Impact statement In this paper, we comment on the changing role of laboratory reference strains. While the model organism allows basic comparison within and among laboratories, it is important to remember the effect even small differences in isolate genomes can have on the validity and reproducibility of experimental work. We quantify differences in 23 reference Campylobacter genomes and compare them with observable differences in common laboratory phenotypes.
Data summary Short read data are archived on the NCBI SRA associated with BioProject accession PRJNA517467 (https://www.ncbi.nlm.nih.gov/bioproject/PRJNA517467).
All assembled genomes are also available on FigShare (doi: 10.6084/m9.figshare.7849268).
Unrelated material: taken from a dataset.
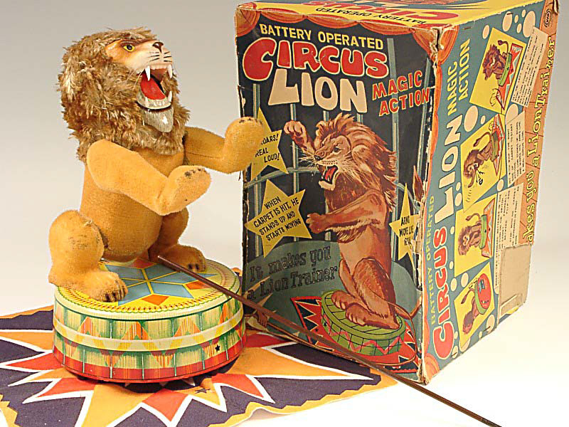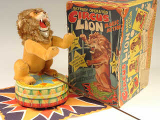 référence 5C du livre de BRIAN MORAN 'BATTERY TOYS' - hauteur 27 cm - en action le lion se dresse, rugit, agite ses pattes avant & sa tête lorsque l'on frappe de la baguette un des côté du tapis & se rasseoit lorsque l'on frappe de la baguette sur l'autre côté du tapis - mécanismes fonctionnent - le mécanisme permettant au lion de se rasseoir fonctionne de manière aléatoire - avec tapis & baguette - in action, the lion stands up, roars, waves his front paws & his head when you hit one side of the carpet with the baton, sits back down when you hit the other side of the carpet - in working condition - the mechanism which allows the lion to sit down functions randomly - with carpet and baton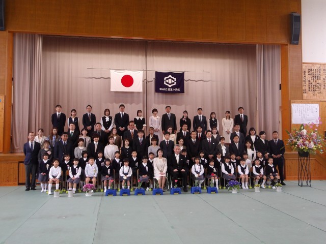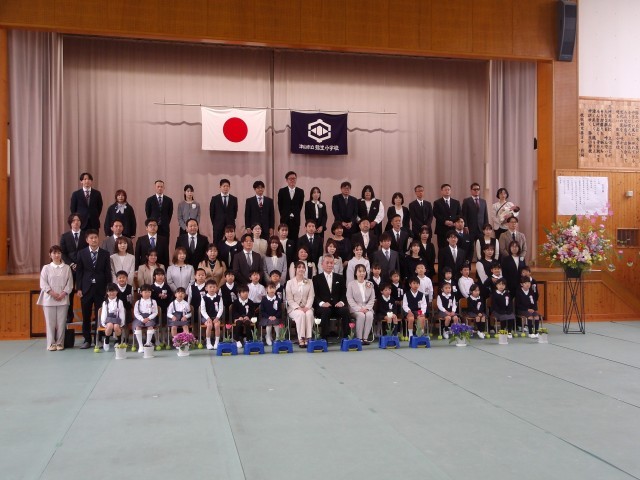 当日は春のやわらかな陽ざしに包まれる中、新一年生75名が元気に入学しました。

Phylogeny visualised on microreact: https://microreact.org/project/NCTC11168.
Repositories Short read data are archived on the NCBI SRA repository, associated with BioProject accession PRJNA517467 (https://www.ncbi.nlm.nih.gov/bioproject/PRJNA517467; Table S1).
The authors confirm all supporting data, code and protocols have been provided within the article or through supplementary data files.
Introduction
The sharing of bacterial reference or type strains among laboratories is a fundamental part of microbiology. This often informal, usually uncelebrated, enterprise has supported academic, health, food and veterinary research worldwide underpinning microbiology innovation. The history of the exchange and classification of bacterial type strains has incorporated the work of some of the most influential microbiologists [1]. One such strain belongs to the important food-borne pathogen species Campylobacter jejuni.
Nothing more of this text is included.